Problem description:
From the listing below, retype exactly the line holding "Material: 4mm Sicherheitsglas", the line holding "中国上市公司市值500强榜单 海康领先百度!(附榜单)", and the lines between them; skip everything else.

Information given:
++++++++++++++++++++

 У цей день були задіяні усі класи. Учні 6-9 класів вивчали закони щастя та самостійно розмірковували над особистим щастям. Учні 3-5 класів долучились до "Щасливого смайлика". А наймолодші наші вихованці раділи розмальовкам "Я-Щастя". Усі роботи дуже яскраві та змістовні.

++++++++++++++++++++

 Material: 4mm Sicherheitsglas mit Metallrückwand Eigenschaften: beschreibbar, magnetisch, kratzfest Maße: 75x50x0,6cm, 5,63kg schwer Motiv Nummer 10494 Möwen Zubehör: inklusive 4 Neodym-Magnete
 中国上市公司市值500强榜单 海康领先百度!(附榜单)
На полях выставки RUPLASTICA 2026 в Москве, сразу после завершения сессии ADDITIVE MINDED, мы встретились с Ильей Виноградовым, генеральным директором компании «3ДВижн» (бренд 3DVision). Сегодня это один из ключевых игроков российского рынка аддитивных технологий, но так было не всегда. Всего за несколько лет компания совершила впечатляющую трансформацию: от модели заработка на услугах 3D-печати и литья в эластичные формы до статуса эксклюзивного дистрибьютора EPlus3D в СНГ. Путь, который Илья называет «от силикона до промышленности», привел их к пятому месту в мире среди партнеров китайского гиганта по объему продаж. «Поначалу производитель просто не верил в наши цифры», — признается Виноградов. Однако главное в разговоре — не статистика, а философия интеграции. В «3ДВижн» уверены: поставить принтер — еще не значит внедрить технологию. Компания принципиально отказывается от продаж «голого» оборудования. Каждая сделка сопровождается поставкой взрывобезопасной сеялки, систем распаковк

++++++++++++++++++++

Response:
 Material: 4mm Sicherheitsglas mit Metallrückwand Eigenschaften: beschreibbar, magnetisch, kratzfest Maße: 75x50x0,6cm, 5,63kg schwer Motiv Nummer 10494 Möwen Zubehör: inklusive 4 Neodym-Magnete
 中国上市公司市值500强榜单 海康领先百度!(附榜单)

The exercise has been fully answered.